Study limitations include low representation of nonwhites; inclusion only of postmenopausal women aged 50 to 79 years, although the researchers purport that the data are likely generalizable to younger persons and to both sexes; exclusion of women reporting less than 32% fat intake at baseline; biased nature of self-reported food intake; inability to separate carbohydrate intake into the percentage of sugar or simple vs complex carbohydrate; inability to evaluate the potential effects of changes in caloric intake; and possible overestimate of the baseline percentage of energy from fat.

The National Heart, Lung, and Blood Institute funded this study. Dr. Howard has disclosed various relevant financial relationships with Merck, the Egg Nutrition Council, General Mills, Pfizer, and Schering-Plough.

In an accompanying editorial, Michael L. Dansinger, MD, MS, and Ernst J. Schaefer, MD, from Tufts University Human Nutrition Research Center in Boston, Massachusetts, call this a "landmark study... [because the] trial provide[d] a unique opportunity to examine long-term effects of an ad libitum low-fat dietary pattern on body weight and the relationship between weight changes and specific changes in dietary components." However, they continue to describe that the findings on long-term weight change are "somewhat underwhelming." Again, total weight loss at 1 year for the intervention group was only 2.2 kg with a 1.9-kg difference between the intervention and control groups at 1 year and only a 0.4-kg difference after 7.5 years of follow-up.

The editorialists suggest that the dietary intervention should have included the goal of weight reduction. They also stress that weight loss for an individual will not occur without physical activity and belief (by physician and patient) in lifestyle change, regardless of the dietary intervention applied. Citing their own study, published in the January 5, 2005, issue of JAMA, they explain that better adherence leads to better results.

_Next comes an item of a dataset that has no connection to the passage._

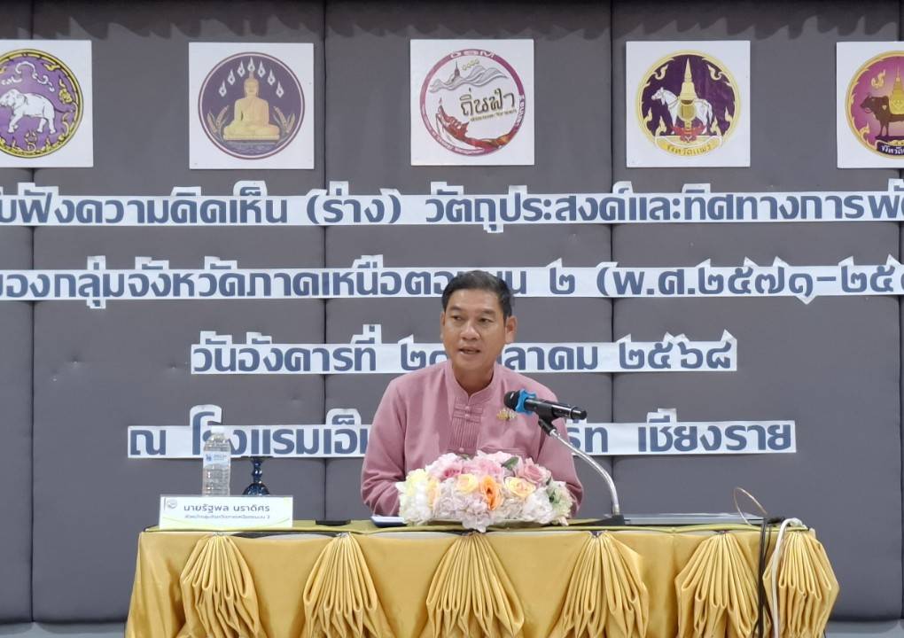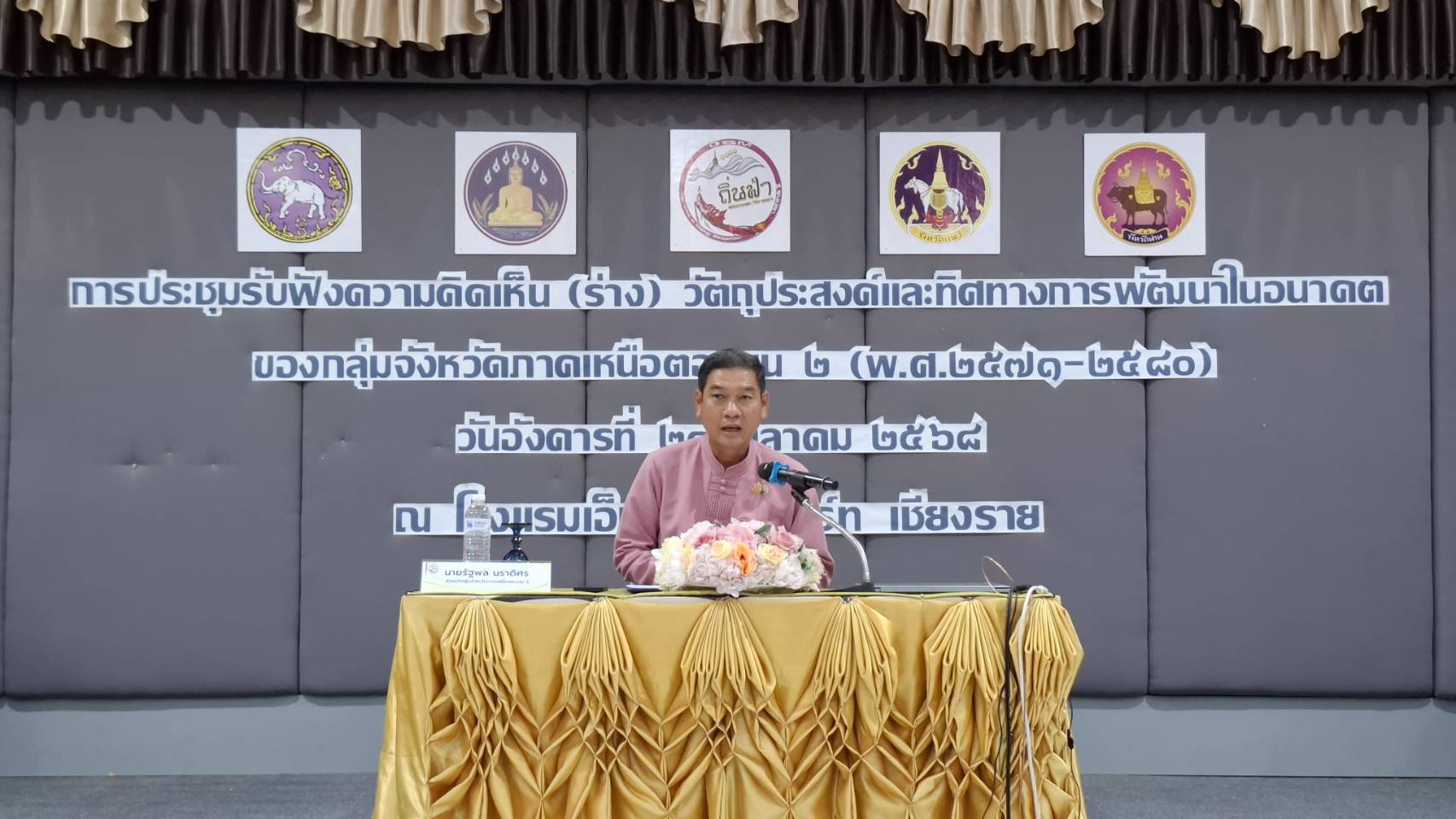 วันอังคารที่ 21 ตุลาคม 2568 เวลา 09.00 น. นายรัฐพล นราดิศร ผู้ว่าราชการจังหวัดเชียงราย หัวหน้ากลุ่มจังหวัดภาคเหนือตอนบน 2 เป็นประธานเปิดการประชุมรับฟังความคิดเห็น (ร่าง) วัตถุประสงค์และทิศทางการพัฒนาในอนาคตของกลุ่มจังหวัดภาคเหนือตอนบน 2 (พ.ศ.2571 – 2580) ในประเด็นสถานการณ์การพัฒนาของกลุ่มจังหวัด/ปัจจัยและแนวโน้มที่คาดว่าจะส่งผลต่อการพัฒนากลุ่มจังหวัดภาคเหนือตอนบน 2 เพื่อให้ทุกภาคส่วนมีส่วนร่วมในการพัฒนากลุ่มจังหวัด บนพื้นฐานศักภาพ โอกาส และบริบทการเปลี่ยนแปลง ตลอดจนตอบสนองความต้องการของประชาชนในพื้นที่กลุ่มจังหวัด เพื่อให้เกิดการพัฒนาอย่างเท่าเทียมตามศักภาพในพื้นที่

"Much more work needs to be done on the obesity front, including a concerted collective effort focused on developing reliable methods of facilitating high long-term adherence levels to substantial lifestyle efforts — specifically calorie-reduced eating patterns and much more exercise," Drs. Dansinger and Schaefer write. "That is something on which health advocates and popular diet proponents can agree."